Leaving the pictures aside, return the listing exactly as it appears.

RECORDED DATA:
──────

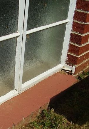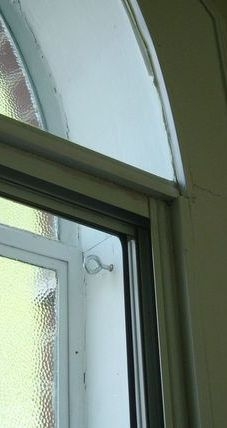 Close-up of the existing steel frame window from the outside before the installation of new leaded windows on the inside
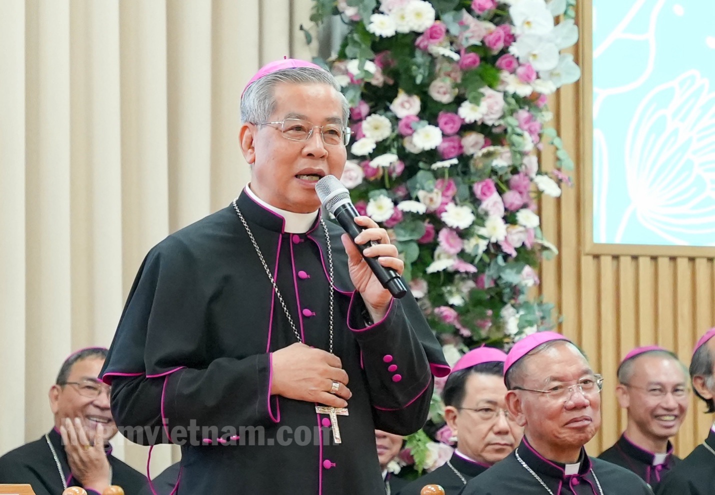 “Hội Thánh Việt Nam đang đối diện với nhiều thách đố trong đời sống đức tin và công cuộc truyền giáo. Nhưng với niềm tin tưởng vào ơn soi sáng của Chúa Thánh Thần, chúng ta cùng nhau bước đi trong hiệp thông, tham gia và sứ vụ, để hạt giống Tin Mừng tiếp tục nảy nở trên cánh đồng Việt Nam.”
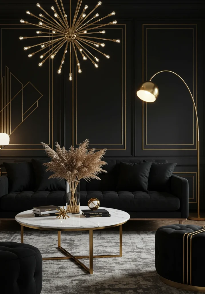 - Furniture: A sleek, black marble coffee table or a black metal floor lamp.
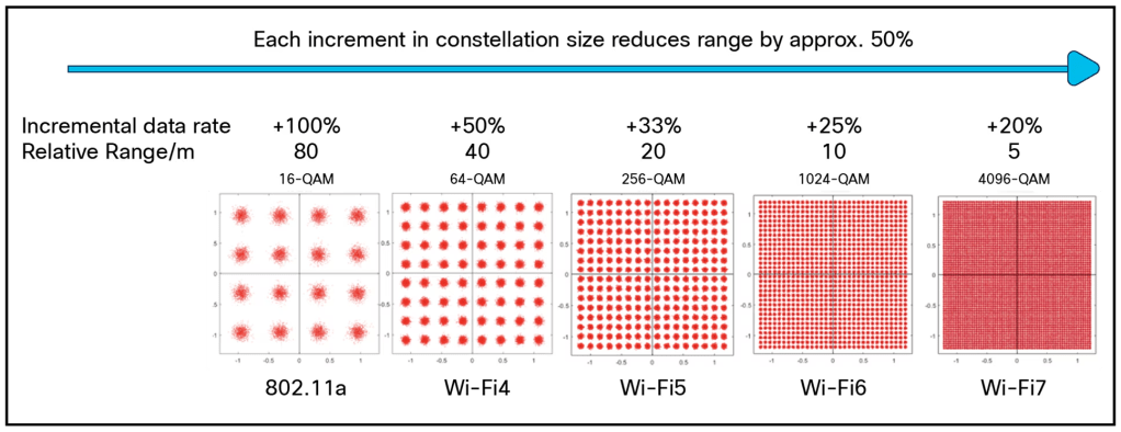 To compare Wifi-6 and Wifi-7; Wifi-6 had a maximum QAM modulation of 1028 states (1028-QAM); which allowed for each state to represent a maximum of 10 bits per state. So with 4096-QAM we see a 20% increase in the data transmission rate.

──────

OUTPUT FOR THIS EXERCISE:
 Close-up of the existing steel frame window from the outside before the installation of new leaded windows on the inside
 “Hội Thánh Việt Nam đang đối diện với nhiều thách đố trong đời sống đức tin và công cuộc truyền giáo. Nhưng với niềm tin tưởng vào ơn soi sáng của Chúa Thánh Thần, chúng ta cùng nhau bước đi trong hiệp thông, tham gia và sứ vụ, để hạt giống Tin Mừng tiếp tục nảy nở trên cánh đồng Việt Nam.”
 - Furniture: A sleek, black marble coffee table or a black metal floor lamp.
 To compare Wifi-6 and Wifi-7; Wifi-6 had a maximum QAM modulation of 1028 states (1028-QAM); which allowed for each state to represent a maximum of 10 bits per state. So with 4096-QAM we see a 20% increase in the data transmission rate.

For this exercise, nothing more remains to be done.